Las manos de Clare temblaban mientras sacaba su teléfono. Miró la tarjeta de presentación de él, aún apretada en su otra mano, su corazón golpeando contra sus costillas. Era él. Después de todos estos años, era realmente él. Y no la recordaba en absoluto.

Clare no durmió esa noche. Yació en su cama king size en su ático vacío, mirando el techo, repitiendo cada segundo de su encuentro en esa carretera de montaña. La forma en que Ethan la había mirado: amable, servicial, pero distante, como si ella fuera solo otra automovilista varada, otra extraña.

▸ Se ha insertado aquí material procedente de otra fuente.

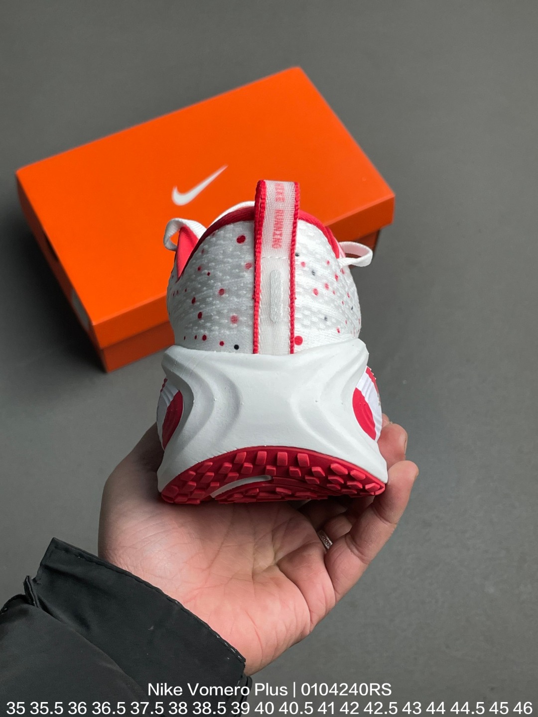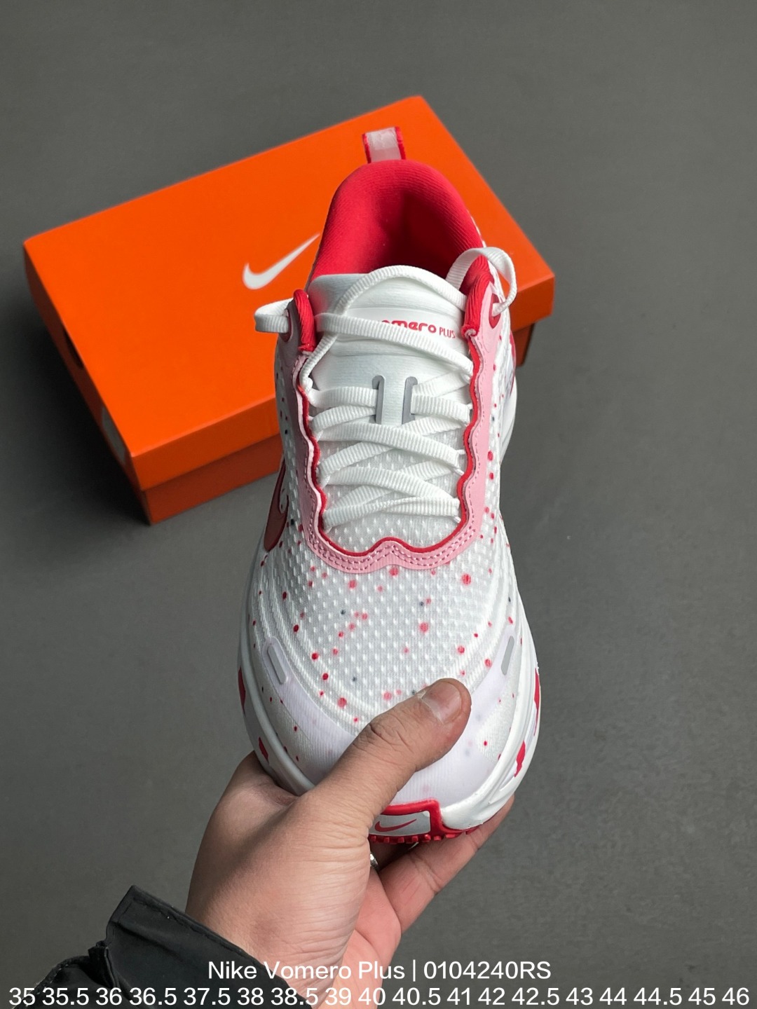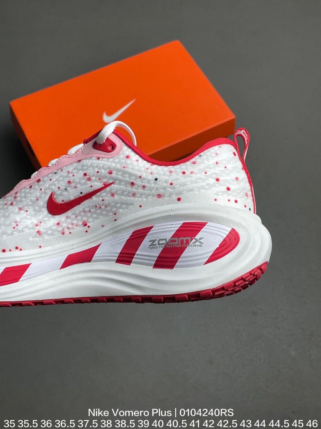 Nike 耐克 采用科技织法轻盈织物合成鞋面材质 ZoomX 泡绵中底 外置外置防滑耐磨橡胶底片造舒适迈步体验 助力日常畅跑 耐克Nike Vomero Plus Bright Mango 佛莫罗加强版系列低帮轻质厚底缓震公路透气休闲运动跑步鞋

No la recordaba. La comprensión dolió más profundo de lo que esperaba. Hace 15 años, ella no era nadie. Una estudiante de primer año asustada con ropa de segunda mano y una beca que no podía permitirse perder. Pero esa noche en las escaleras de la biblioteca, cuando esos hombres la acorralaron, cuando Ethan intervino sin dudarlo, se sintió como alguien, como si importara.

Hablaron hasta el amanecer esa noche sobre sueños, miedos, el futuro. Ella le contó cosas que nunca le había dicho a nadie. Y cuando salió el sol, él la besó, suave y gentilmente, como si ella fuera algo precioso.

Luego él se fue. Ella lo buscó, preguntó por el campus. Pero Ethan Harris simplemente se había desvanecido, y eventualmente Clare tuvo que aceptar que lo que compartieron fue solo un momento hermoso. Nada más. Excepto que nunca se sintió como nada. No para ella.

Ahora él estaba de vuelta, y ella era invisible para él.

Clare tomó su teléfono de la mesita de noche. 3:00 de la mañana. Abrió Google, escribió su nombre. “Taller Mecánico Harris” apareció de inmediato. Reseñas, fotos, un sitio web sencillo. Había una foto de Ethan parado frente al taller, de brazos cruzados, con esa misma sonrisa tranquila. Luego encontró su página de Facebook, perfil público, fotos de una niña pequeña con rizos oscuros y su sonrisa.

Emma. Probablemente fotos de obras escolares, fiestas de cumpleaños, viajes de campamento de padre e hija; una vida sencilla, una buena vida. Ninguna mención de una esposa, ninguna mujer en ninguna foto reciente.

El pecho de Clare se apretó. Él había construido un mundo entero sin ella. ¿Y por qué no lo haría? Ella había sido una noche en su vida, una conversación, un beso. Pero Dios, ella nunca lo había olvidado. Su dedo se detuvo sobre el botón de mensaje. ¿Qué diría siquiera? “¿Hola, me recuerdas? Me salvaste la vida una vez, y he estado midiendo a cada hombre contra ti durante 15 años”.

Cerró la aplicación. Esto era una locura. Estaba siendo irracional.

Pero a la mañana siguiente, Clare se encontró conduciendo de regreso hacia ese pueblo de montaña. Se dijo a sí misma que era solo para agradecerle adecuadamente, para devolver la amabilidad. Nada más.

El Taller Mecánico Harris era un edificio modesto en la calle principal, intercalado entre una ferretería y una cafetería. Clare se estacionó al otro lado de la calle, observando a través de la ventana cómo Ethan trabajaba en un auto, sus movimientos eficientes y practicados. Casi dio la vuelta, casi se fue. Entonces Ethan levantó la vista, vio su auto y saludó con la mano.

Ya no había marcha atrás. El taller olía a aceite y metal. Una mujer en el mostrador le sonrió.

—¿Le ayudo con algo?

—De hecho busco a Ethan. Yo solo…

—Clare.

Ella se giró. Ethan caminaba hacia ella, limpiándose las manos en un trapo, pareciendo sorprendido pero complacido.

—Hola —dijo ella, sintiéndose de repente tonta—. Espero no estar interrumpiendo.

—Para nada. ¿Está todo bien con el auto?

—Ajá. El auto está perfecto. Solo… —Ella levantó una bolsa de papel—. Traje el almuerzo para decir gracias… si tienes tiempo.

Algo parpadeó en el rostro de Ethan. Vacilación tal vez, o incertidumbre. Miró hacia atrás al taller, luego a ella.

—Sí —dijo finalmente—. Sí, puedo tomar un descanso.

Se sentaron en un banco afuera de la cafetería de al lado. Clare había traído sándwiches de una tienda exclusiva de la ciudad, repentinamente consciente de lo fuera de lugar que se veían en este pequeño pueblo.

—No tenías que hacer esto —dijo Ethan, desenvolviendo su sándwich.

—Quería hacerlo.

Comieron en silencio por un momento. La mente de Clare corría, buscando las palabras correctas, la manera correcta de preguntar si él recordaba.

—¿Puedo preguntarte algo? —dijo Ethan en voz baja.